НА КАЛЕНДАРЕ

Директор Эрмитажа: Сейчас у нас идут войны памяти. Они иногда тоже нужны

Елена Яковлева, rg.ru   
07 Апреля 2023 г.

Какой мобилизации требует от культуры специальная военная операция? Почему кумир на час не равен авторитету на всю жизнь? Почему сложное надежнее упрощенного? Как вернуть новым поколениям спартанскую закалку? Почему культура хороший тормоз для идейных людей? Почему наступают моменты, когда надо выйти из строя и сказать: «Да, я поступаю так...» — на эти и другие вопросы ответил генеральный директор Эрмитажа Михаил Пиотровский.

Директор Эрмитажа: Сейчас у нас идут войны памяти. Они иногда тоже нужны

Война как культурное столкновение

Всякая война — это еще и столкновение культур, сказали вы как-то, рассказывая о наполеоновском сервизе с египетскими мотивами...

Михаил Пиотровский: Я опять готов повторить, что для меня важно быть со своей страной, когда она совершает исторический выбор, хотя за эту позицию мне досталось со всех сторон. Сейчас меня снова польют грязью, но скажу... До XX века войны вообще были способом культурного обмена. Будучи не такими кровавыми и массовыми, как сейчас, они, конечно, частично уничтожали культуру (но и религия уничтожала другую религию), но в целом происходил культурный обмен. Во время Крестового похода мусульмане научились у крестоносцев строить мощные крепости, а христиане снова стали мыться в банях, вспомнив римскую... Ну и предметы роскоши позаимствовали: общий уровень культуры у мусульман тогда был выше, чем в Европе.

В феврале у нас в Казани открылась выставка «Александр Македонский. Путь на Восток» с фресками Средней Азии, бактрийским серебром, Кораном, персидскими рукописями, в том числе «Хамсе» Низами. Так вот поход Александра привел к взаимодействию культур, рождению эллинизма, культурному развитию.
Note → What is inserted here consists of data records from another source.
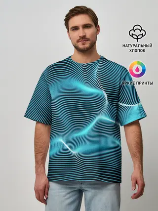 Мужская футболка оверсайз / Neon lines
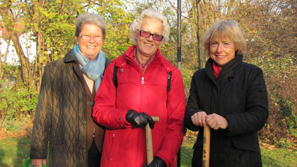 „Möge unsere Arbeit noch lange Früchte tragen“ haben sich wohl die ehemaligen Vorstandsmitglieder des SkF Gütersloh gedacht und als Abschiedsgeschenk und zur Erinnerung einen Apfelbaum im Garten des Franziskus-Hauses gepflanzt. Margarete Potthoff, Sylvia Hild und Elisabeth Otten hoffen, dass schon bald zum Beispiel die Kinder aus den Eltern-Kind-Gruppen die ersten Äpfel pflücken können. Die neue Vorsitzende Dr. Ursula Pantenburg bedankte sich im Namen von Vorstand und Mitarbeiterinnen für dieses ganz besondere und symbolträchtige Geschenk.
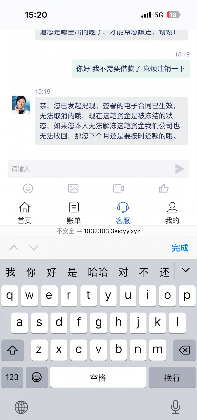引导下载第三方软件实施诈骗以解决问题为由,诱导用户下载第三方聊天软件,“专员”以银行卡冻结等理由,要求缴纳解冻资金,从而实施诈骗。
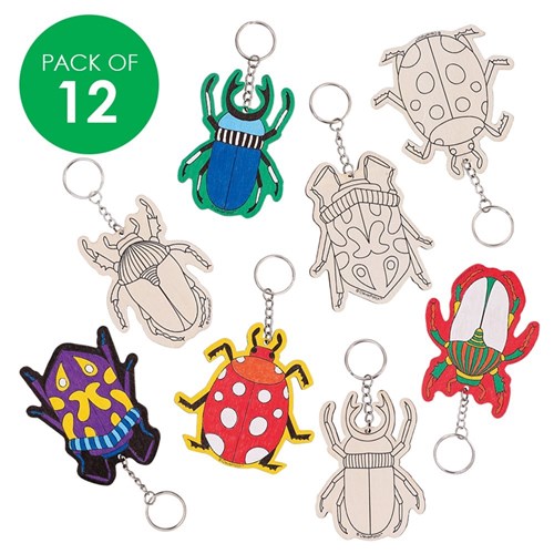 Printed Wooden Keyrings - Beetles - Pack of 12
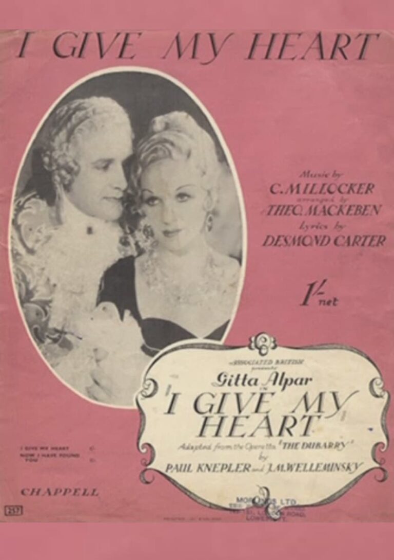 The Loves of Mme. DuBarry was the American title of the 1935 British operetta I Give My Heart, based on the stage musical The DuBarry. German actress Gitta Alpar stars as Jeanne, the young 18th century Parisian milliner who sleeps her way to the uppermost rungs of French aristocracy, emerging at last as the glamorous Madame DuBarry, mistress of Louis XV (Owen Nares). Refusing to gloss over DuBarry’s sexual peccadilloes (as previous films with Norma Talmadge and Dolores del Rio had done), the film presents the “heroine” as a whore, pure and simple-or, on second thought, not so pure and simple! Particularly troublesome for American censors was a scene in which DuBarry is depicted as a resident of a bawdy house. Otherwise, The Loves of Madame DuBarry is standard historical-drama fare, allowing dozens of top European actors to play “dress-up” for 90 minutes.
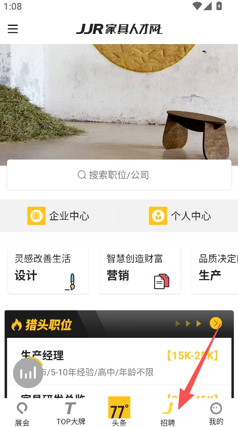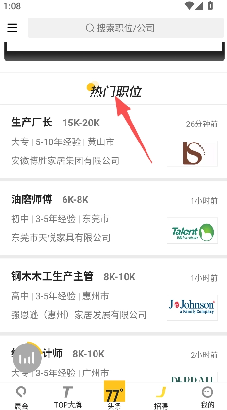 拥有职位搜索功能,点击搜索框并输入关键词,即可查找家具行业的相关职位或企业信息。
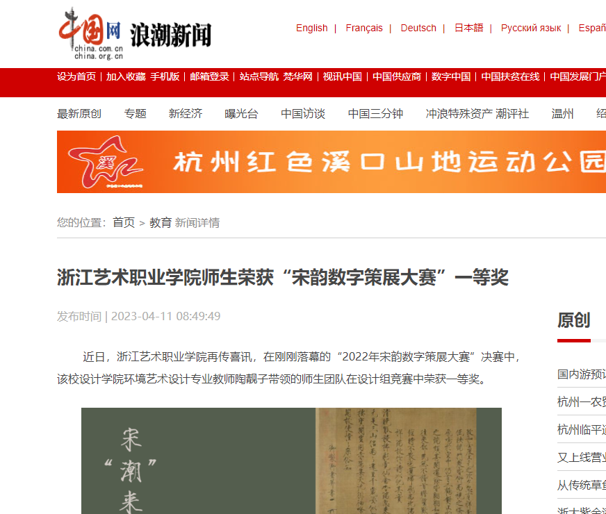 “2022年宋韵数字策展大赛”由浙江省文物局指导,浙江省博物馆、中国丝绸博物馆、浙江大学艺术与考古学院主办,浙江省博物馆学会协办。设计学院环境艺术设计专业组织教师带领环艺大三、大二学生组成多个团队参赛。
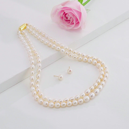 9.0-10.0mm White Drop Freshwater Pearl Necklace Set - AA Quality
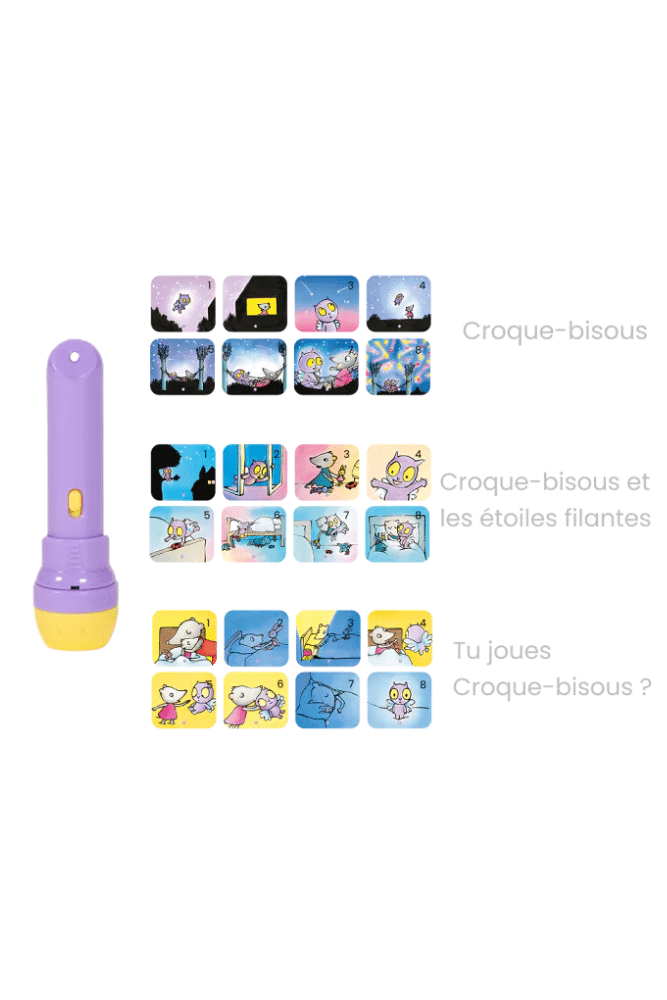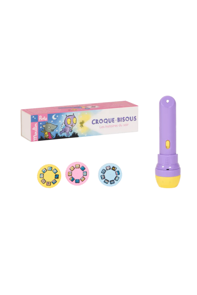 Croque-Bisous dans cette lampe à histoires où chacun des 3 disques projetés sur le mur raconte les aventures.
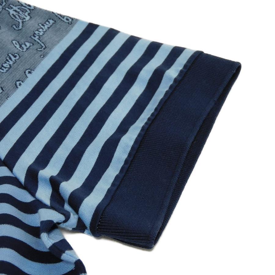 | コットン素材にカリグラフィのデザインとストライプ柄を組み合わせた「スクリット ポロシャツ」ハーフボタンの半袖シャツです。 |
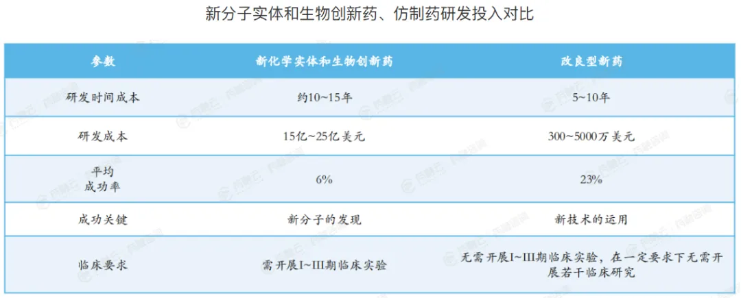 相比1类新药而言,2类改良型新药拥有更高的研发成功率、较短的开发时间和更低的开发成本,成为各大老牌药企转型创新的风口,当然由于是非完全原创性的新药,创新含量也相对不足。
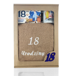 Zestaw upominkowy dla chłopaka kubek z nadrukiem + banknotówka + ręcznik z haftem. Kubek ceramiczny z nadrukiem dla chłopaka z okazji 18 urodzin. Nadruk dookoła kubka. Pojemność: 330 ml Pudełko na pieniądze - banknotówka z życzeniami. Rozmiar 9,5 x 16 cm Ręcznik z haftem 18 urodziny. Rozmiar: 100 x 50 cm. Kolor: biały, kremowy, szary, brązowy. symbol produktu - #3327 ELEGANT M
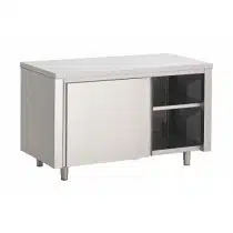Table armoire, portes coulissantes, inox AISI 430, L 1200 x P 700 x H 850 mm
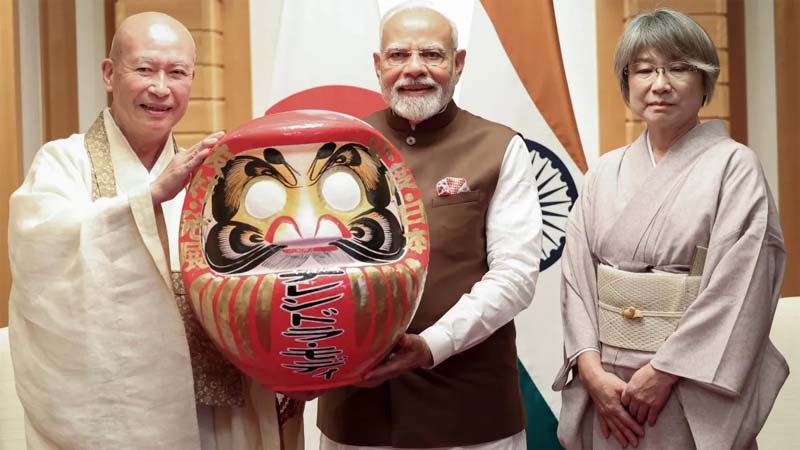 The prime minister was presented a Daruma doll by Rev Seishi Hirose, Chief Priest of the Shorinzan Daruma-Ji temple, Takasaki-Gunma, the Ministry of External Affairs (MEA) said in a press release.
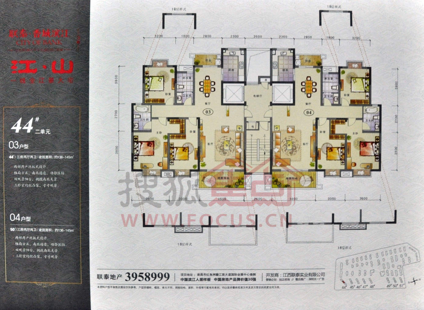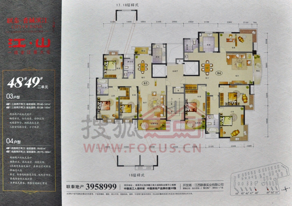 联泰香域滨江“桥郡”位于南昌市红角洲丰和南大道1555号,南航路于丰和大道交汇处,总占地138亩,建筑规模约23万平米,容积率1.8,绿地率≥40%,建筑密度≤25%。规划有住宅、商业等物业形态。其中住宅约15万平米,商业面积9671㎡。以高层、小高层为主,户型有两房、小三房、大三房、四房等。
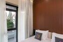 Уютный однокомнатный номер-студия на -1 этаже с панорамными окнами с живописным видом на сад на уровне 3го этажа (т.к.дом стоит на горе). С одной большой двуспальной или двумя односпальными кроватями с ортопедическими основаниями Botticelli и с кухонной зоной. Интерьер, выполненный в спокойных тонах, внесет безмятежность в ваш отдых.
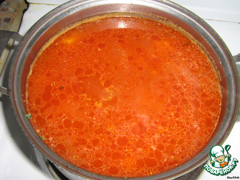 Заправка: мелко нарезанный лук, натертую морковку, натёртую свеклу обжариваем на подсолнечном масле. Томатную пасту разбавляем бульоном и выливаем в заправку. Томим 5 минут.
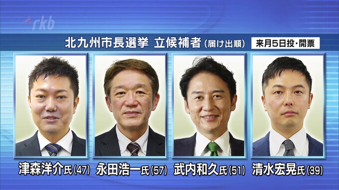 北九州市長選挙に立候補しているのは、届け出順に▼元国土交通省官僚の津森洋介氏(47)、▼共産党福岡県委員会常任委員の永田浩一氏(57)、▼元厚生労働省官僚の武内和久氏(51)、▼飲食店・デザイン会社経営の清水宏晃氏(39)の4人です。北九州市長選挙は2月5日に投票と開票が行われます。期日前投票は前日の4日までです。
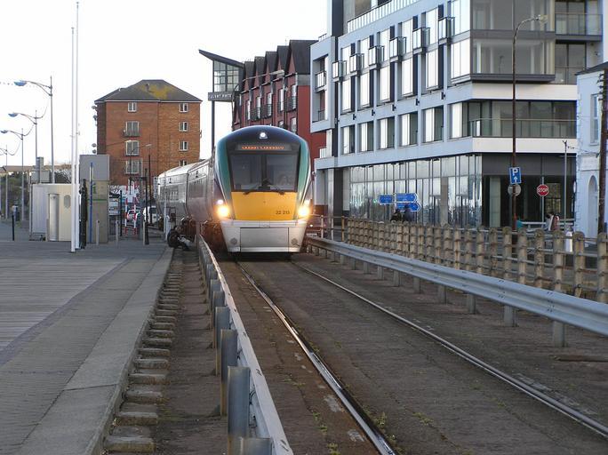 | Keywords: Train approaching quays in wexford town from Rosslare apr2012.JPG en Picture of a train approaching the quays in Wexford Town from Rosslare heading to Dublin Taken on evening 6 20pm on Sat 14th Apr 2012 2012-04-14 18 20 55 own Terence wiki cc-zero Passenger trains in Ireland Wexford railway station IE 22000 Class On-street running |
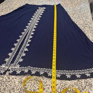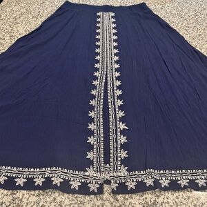 Soft Surroundings Deep Blue A-Line Skirt with White Embroidery
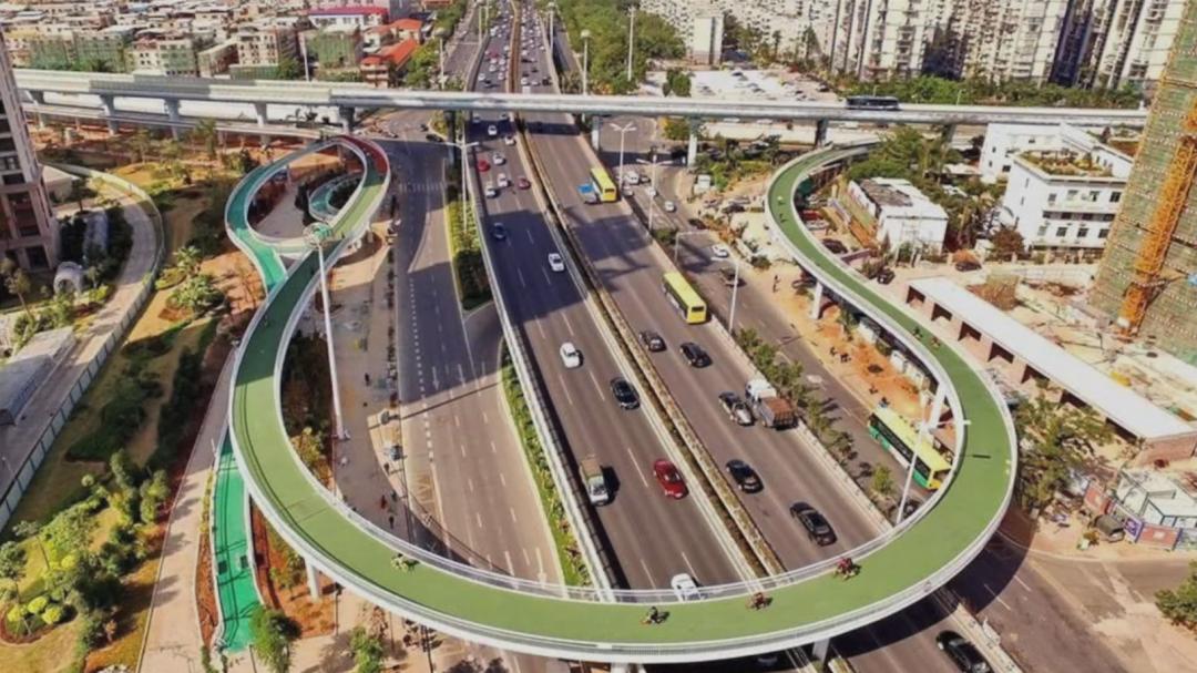 这是全国首条在城市中建立的快速自行车道。它像高架桥一样,在上面骑车,能感受到城市不同的风光,一开始的设想只是用来上下班通勤,但现在越来越多的市民会专门跑到这个地方来骑自行车。
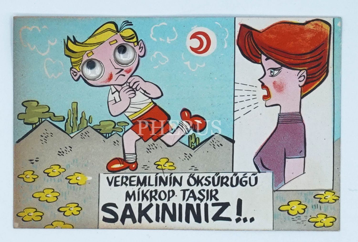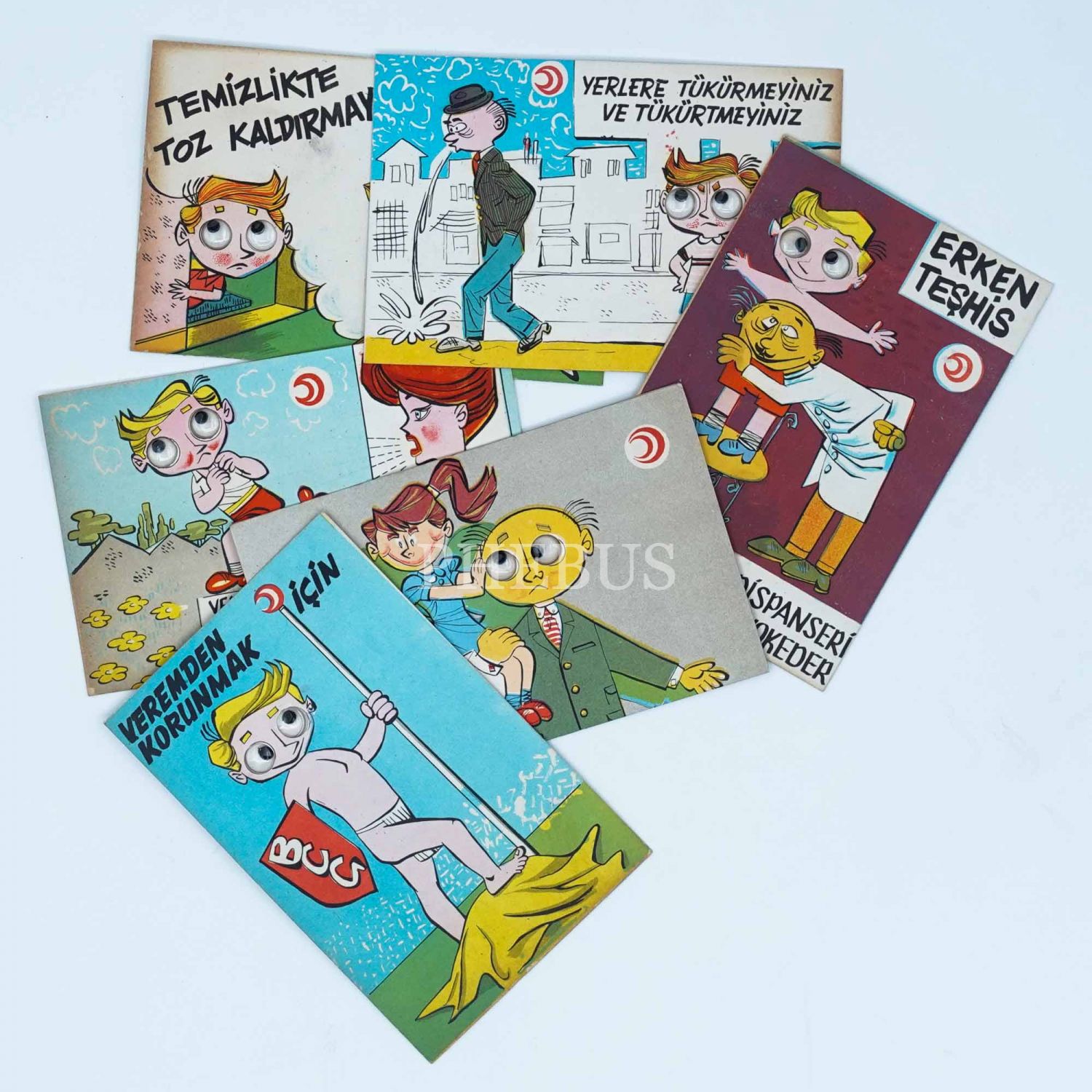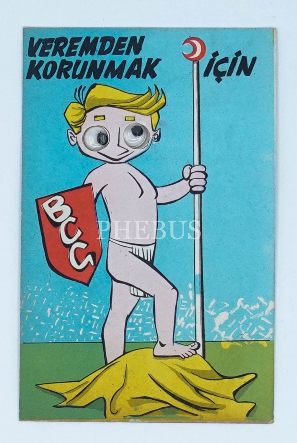 Türkiye Ulusal Verem Savaşı Derneği´nin yayımladığı gözleri oynayan figürlü 6 adet kart, 13x9 cm...
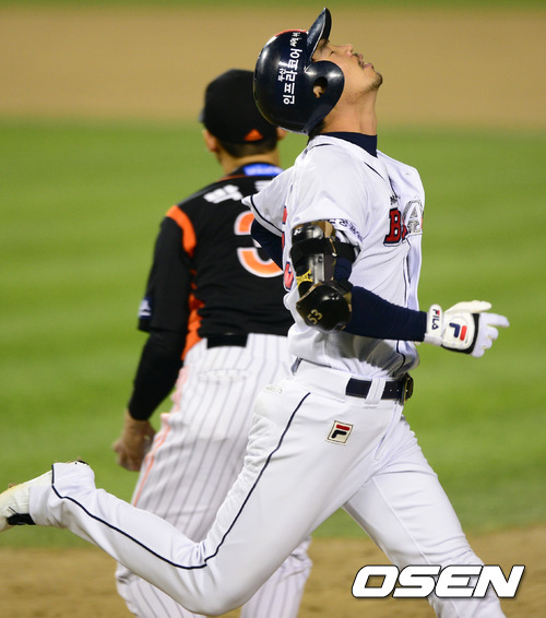 9일 오후 서울 잠실구장에서 열린 2012 팔도 프로야구 준플레이오프 2차전 두산 베어스와 롯데 자이언츠의 경기, 3회말 1사에서 두산 오재원이 내야땅볼로 아웃당하고 아쉬워하고 있다.
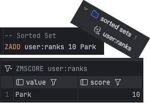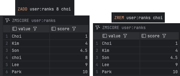 - 설명: 정렬된 집합에 하나 이상의 요소를 추가하거나 업데이트합니다. 요소는 점수와 함께 저장됩니다.
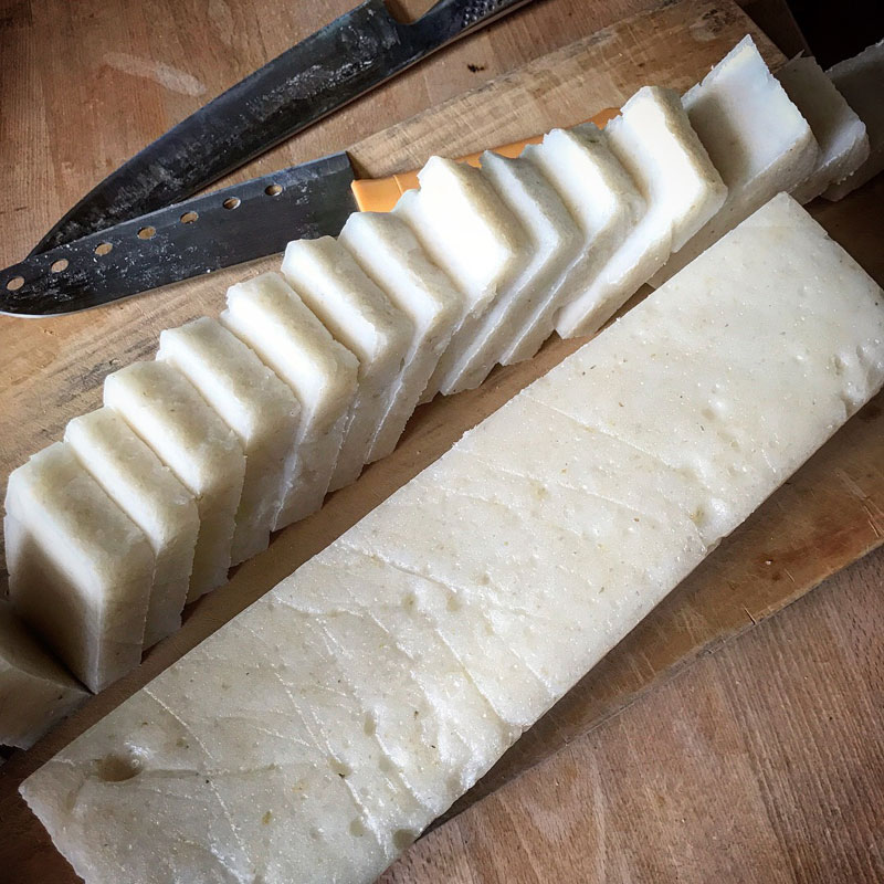 おとといついた餅。ひと臼分いただいたのを切り分ける。少しタイミングが遅かった。硬くて大変。
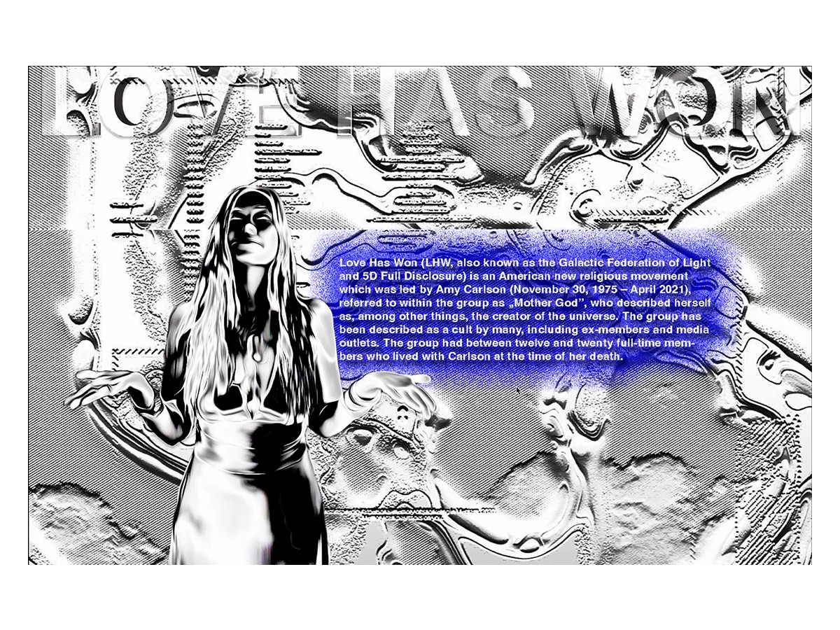 A responsive storytelling website exploring the Love Has Won cult, designed to mirror the surreal nature of their colloidal silver consumption and apocalyptic beliefs.
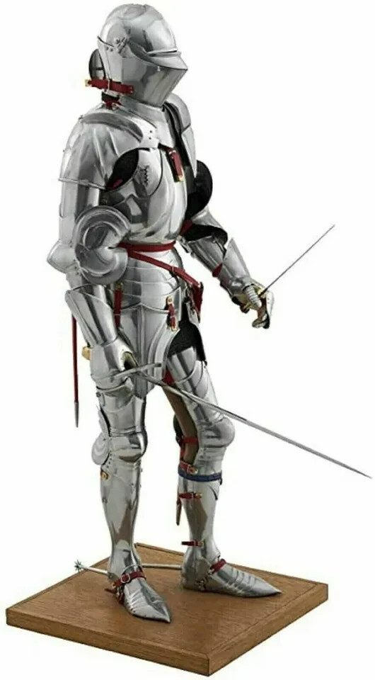 Full Suit of Armour Wearable Medieval Knight Full Suit of Armor Steel Templar Item description from the seller WELCOME TO THE STORE Features: FREE wooden base with this armour suit Premium quality well made Medieval Knight Suit Of Armor Metal : Steel Finish: Silver Polish as shown in Picture Full Size reproduction; Handcrafted : Steel and Iron construction with "old patina" finish Height: 6 Feet Weight: 97 lbs An Impressive interior decor piece and collector item Inlude swords or any other weapon ???Merry Christmas???

В XX веке войны, конечно, стали более сокрушительными и более идеологическими. Крестовые походы ничто по сравнению с ними. Из-за обострения озлобленности их культурная роль почти сошла на нет, и момент взаимодействия культур ослабел. Но, надеюсь, со временем он приобретет другие формы. К примеру, борьба с той же «культурой отмены» может обернуться так, что в будущем из этого вырастет что-то новое. Хотя всякий разговор об отмене какой-либо культуры это все равно разговор об отмене культуры вообще.

В нынешние времена есть культурное столкновение? Что чувствуют люди в прифронтовой зоне, внутри артиллерийской дуэли?

Михаил Пиотровский: Ну прежде всего заметно, как происходящее влияет на национальное самосознание. И на наше. И на украинское. Посмотрите, как мощно формируется украинская нация. А как вернулось единство Европы, совсем уж распадавшейся? Наличие «врага» помогает единению.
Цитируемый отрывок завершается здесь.